Crescent Heights proposes 280-unit condo tower in Miami’s A&E District

26-story building would be near firm’s planned redevelopment of school board site

Galbut’s Crescent Heights Proposes Miami Condo Tower

Crescent Heights’ Rusell Galbut along with schematics from the proposed 26-story, 280-unit condo tower in Miami’s Arts & Entertainment District (Getty, Crescent Heights)

Crescent Heights proposes a 280-unit condo tower in Miami’s Arts & Entertainment District, near the firm’s planned redevelopment of a school board site. 

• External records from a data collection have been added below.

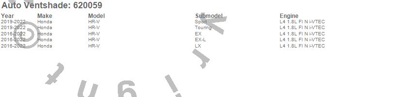 Below is an abbreviated list of applications for the Aeroskin Chrome Hood Protector.HR-V, Honda, 2022, 2021, 2020, 2019, 2018, 2017, 2016
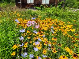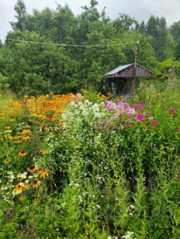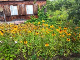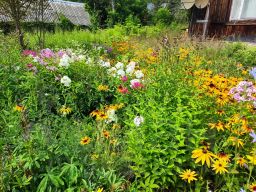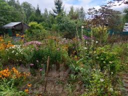 Посажены сезонные цветы многолетии что дает постоянный цветник от мая до октября сменяя друг друга по месяцам.
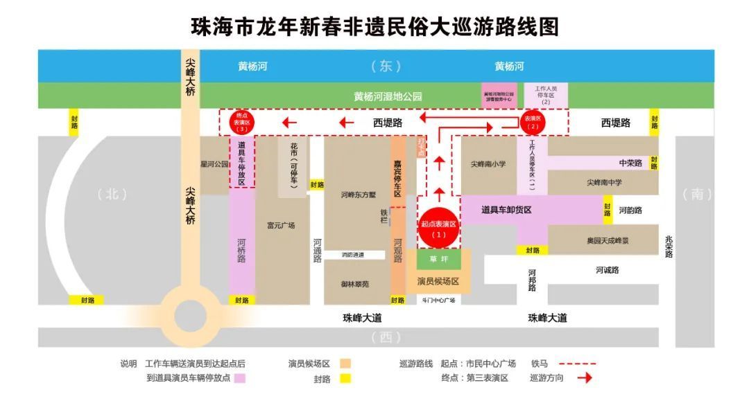 西堤路南延段(中心广场以东、Y字路口至兆荣路口段)、河邦路(河邦路口以东)中荣路、河韵路(奥园天成峰景小区门口以北)
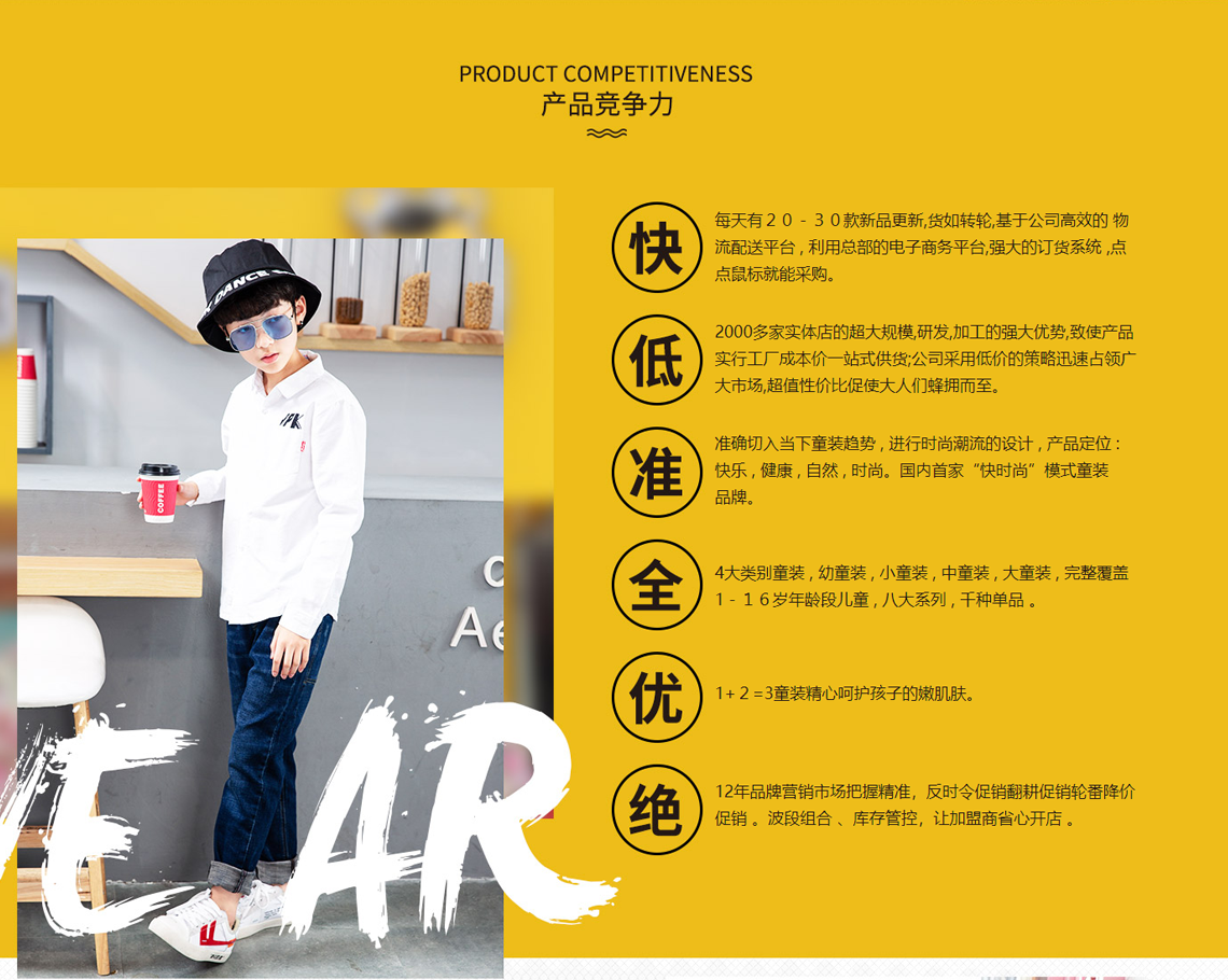 全:五大类别童装,婴儿装,幼童装,小童装,中童装,大童装,完整覆盖0-16岁年龄段儿童,八大系列,千种单品
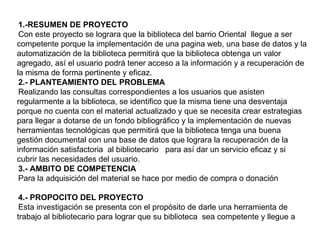 Este proyecto busca implementar una página web, automatizar y crear una base de datos para las colecciones de la Biblioteca del barrio Oriental para que pueda ofrecer un mejor servicio a sus usuarios. Actualmente la biblioteca tiene un fondo bibliográfico desactualizado y carece de herramientas tecnológicas. El proyecto permitirá dotar a la biblioteca de recursos actualizados a través de donaciones y dar acceso a la información de forma eficiente mediante las nuevas tecnologías.
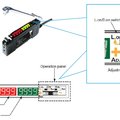 Programmable fiber optic amplifier dimensions 10 x 33 x 80 mm and high curvature plastic optical fibers
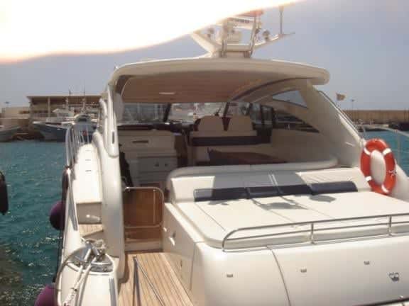Lass dich vom Blau Menorcas an Bord der Princess V58 umhüllen, einem 17,67 Meter langen Motorboot, das das Vergnügen, durch die Balearen zu segeln, neu definiert. Vom Hafen von Mahón aus lädt dieses Meisterwerk britischer Ingenieurskunst dazu ein, die Insel aus einer privilegierten Perspektive zu entdecken, wo jede Ecke für das Genießen der Sinne gedacht ist.

The Miami-based firm, led by Russell Galbut, wants to build the roughly 26-story building between Northeast First Court and Northeast First Avenue, north of Northeast 14th Street, according to an application Crescent Heights filed to Miami-Dade County this month. The project would have 22,000 square feet of storage; 1,500 square feet of commercial space, including retail; and 4,400 square feet of open space. 

Crescent Heights is asking Miami-Dade for a pre-application meeting for a special exception for a general development plan in the Rapid Transit Zone’s Metromover Zone. The site is near the School Board Metromover stop. Pre-application meetings generally allow developers to gauge input from county administrators prior to filing an official proposal. 

Records show an affiliate of Crescent assembled the six-lot, 0.3-acre development site for $6.7 million in three deals in 2018 and 2020. The site addresses are 101, 115, 119, 121 and 125 Northeast 14th Street. 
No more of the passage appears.